Arthur Schnitzler (1862-1931): „Charakternovellen”

Traumnovelle  
Leutnant Gustl  
Casanovas Heimkehr  
Spiel im Morgengrauen  
Flucht in die Finsternis  

LEUTNANT GUSTL

Die Erzählung des Leutnant Gustl ist eine Art innerer Monolog, die Sprache ist spontan und mundartlich gefärbt, die Sätze sind oft kurz, abgehackt und unvollständig. Dieses ICH erlebt, begreift und kommentiert das ihm Zugestoßene zur gleichen Zeit, schweift ab in die Vergangenheit, knüpft lockere Assoziationen, um dann wieder abrupt in das ihm Gegenwärtige zurückgeholt zu werden. Dieses ihm ständig Gewärtige ist der bevorstehende Freitod zur Rettung seiner - wie er meint - beschädigten Offiziersehre. Was ist geschehen?

Der Wiener Leutnant sitzt in der Oper und langweilt sich. Seine Gedanken schweifen hin und her zwischen dem Geschehen auf der Bühne und in den herumliegenden Logen. Er ist hier nur halb freiwillig, eher in Vertretung eines Kameraden, der ihm seine Karte abgetreten hat. Er selbst kommt immer wieder auf das am nächsten Nachmittag bevorstehende Duell zurück, das er mit einem Herrn Doktor zu bestehen hat, weil dieser sich despektierlich über das österreichische Offizierskorps geäußert haben soll - Genaueres erfährt man nicht! An der Garderobe schließlich gibt es ein Gedrängel. Er wird laut und da packt ein bärenstarker Bäckermeister einfach Gustls Säbel und droht ihm diesen zu zerbrechen, wenn der "dumme Junge" nicht Ruhe gibt. Der völlig verblüffte Leutnant ist sprachlos und fängt erst nach dieser Begebenheit an zu denken, und der Schluss, zu dem er kommt, scheint ihm völlig zwingend: Er muss sich zur Rehabilitierung seiner Ehre umbringen. Zwar könnte es sein, dass diese Geschichte nie publik wird, aber er selbst weiß darum.

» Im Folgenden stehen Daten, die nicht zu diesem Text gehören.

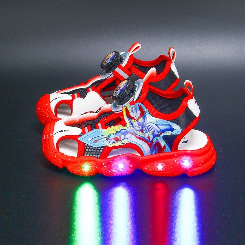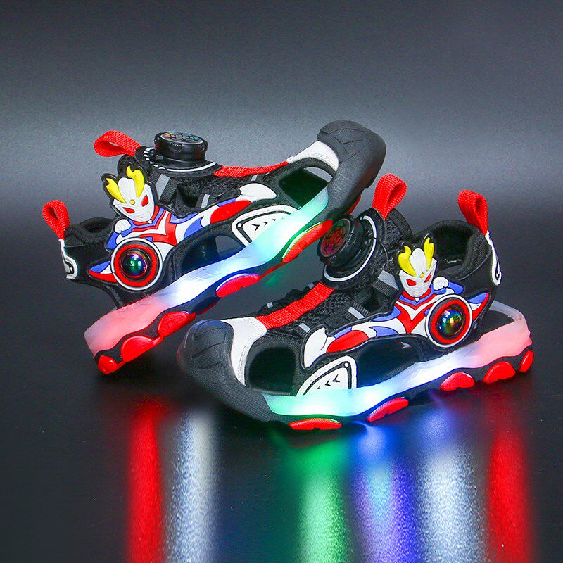 包头凉鞋男孩旋转扣带灯儿童发光凉鞋防滑男童亮灯鞋防踢中小童男
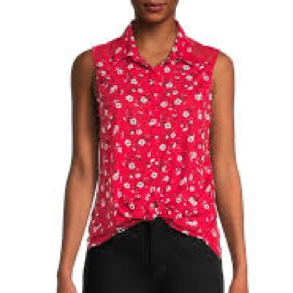 Red sleeveless button-down shirt with a pattern of white daisies. Great feature is the criss-cross strap design at the upper back. The shirt has a collared neckline and button-down front, and is made from a lightweight fabric.
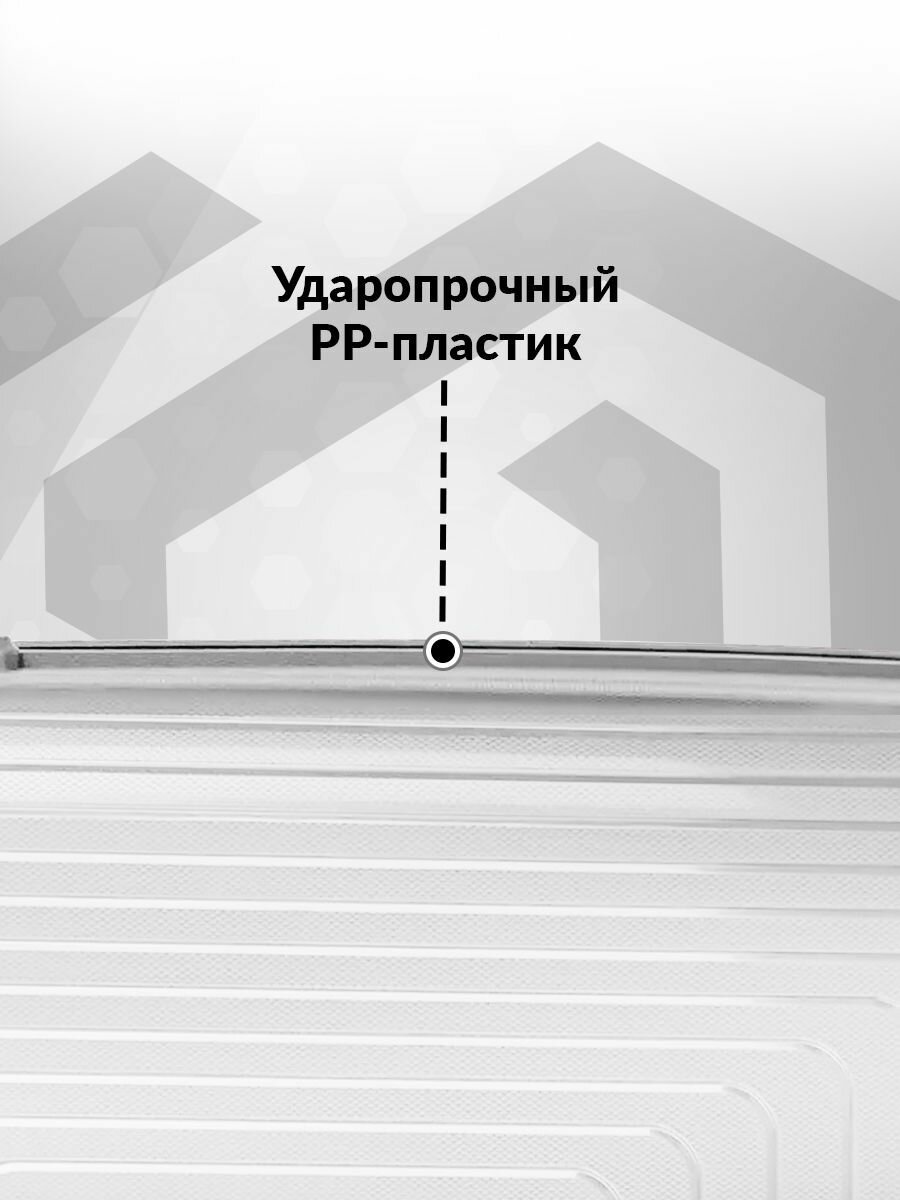 | Особенности конструкции | водонепроницаемый, жесткое дно, износостойкий, опорные ножки на боковой стенке, ребра жесткости, усиленные углы |
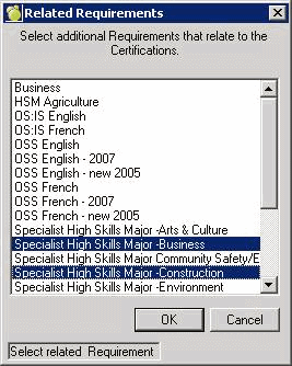 This is a multi-select area, so users can select all of the related requirements by highlighting each with one left click of the mouse, or by using the space bar and arrow keys. Once all related requirements have been highlighted, then select OK. All selected requirements will now appear in the 'Related Requirements' list.
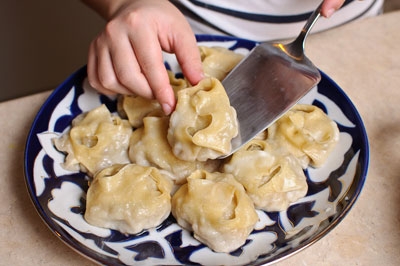 - Если вы готовите манты сами, непосредственно после нарезки теста на квадраты, лучше отделить небольшую часть от общей массы и слепить из мучных квадратиков манты. Остальную часть теста, во время лепки, предпочтительней накрыть полиэтиленовой пищевой пленкой для того, чтобы тесто не подсыхало.
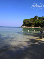 Пляж рядом через дорогу метров 200, проход через лесок, живописно, красивые деревья, висячие качели (которые потом сломали), парк сам замусорен, спуск к пляжу через макашницы, там кафешки на пляже и всякие шейки и блинчики по 50 бат. Сурин - пляж красивый, узкая береговая полоса, до моря совсем близко утром и днем хороший прилив, сразу глубина, чистейшая вода. Но на дне встречают и камешки местами и мусор в виде зарытых мешков я видела, пару дней приплывали медузы размером с ладонь темно-синего цвета, вроде неядовитые, брали в руки, планктон утром и днем не кусался почти, а вот вечером заметно покусывал и был сильный отлив. красивые закаты конечно! Брали скутеры покататься в море, они стоят далеко от берега, к ним везут на лодке, стоит 1500 бат за полчаса. Но там в море был сильный ветер и волны, удовольствия не получили, даже было страшно.
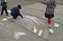 Наши ученики начальных классов нарисовали на асфальте как они представляют мир, среднее звено запускали в небо бумажные голуби. -
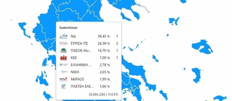 Άνετη νίκη της Νέας Δημοκρατίας στο Νομό Ιωαννίνων δίνουν τα αποτελέσματα από τα 107 εκλογικά τμήματα σε σύνολο 510. Η
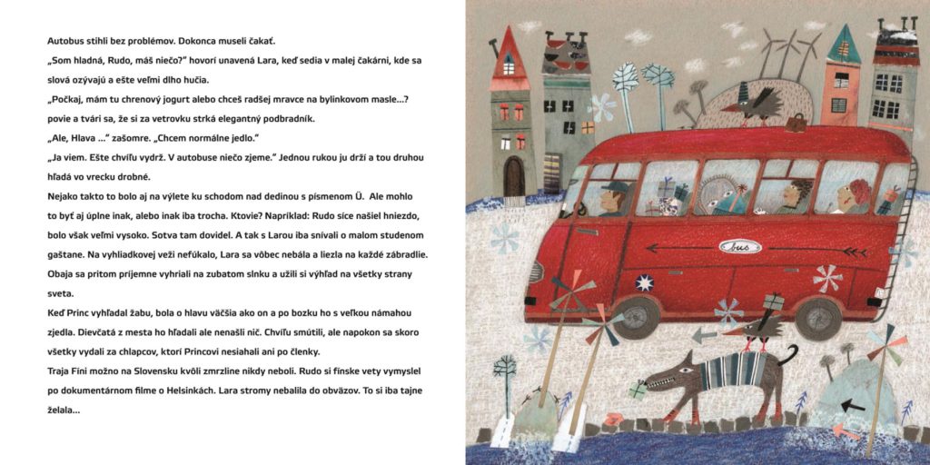 Neviem, čo doteraz robila Jana Kalixová, ale dúfam, že sa s jej ilustráciami budeme stretávať častejšie. Jej zimné krajinky sú kolážou všetkého, čo sa v príbehu deje. Vôbec nie sú studené, ale príjemne zasnené. Ako rozprávka. Jednoducho nádhera.

Den Rest der Nacht lässt sich der Leutnant durch Wien treiben, immer damit beschäftigt, sich zu rechtfertigen, Auswege zu ersinnen und wieder zu verwerfen (z.B. ab nach Amerika), sich die Reaktionen seiner >Lieben< (Wer ist das überhaupt?) vorzustellen usw. Schließlich landet er im Prater, wo er auf einer Bank einschläft und von der frühen Morgensonne geweckt wird.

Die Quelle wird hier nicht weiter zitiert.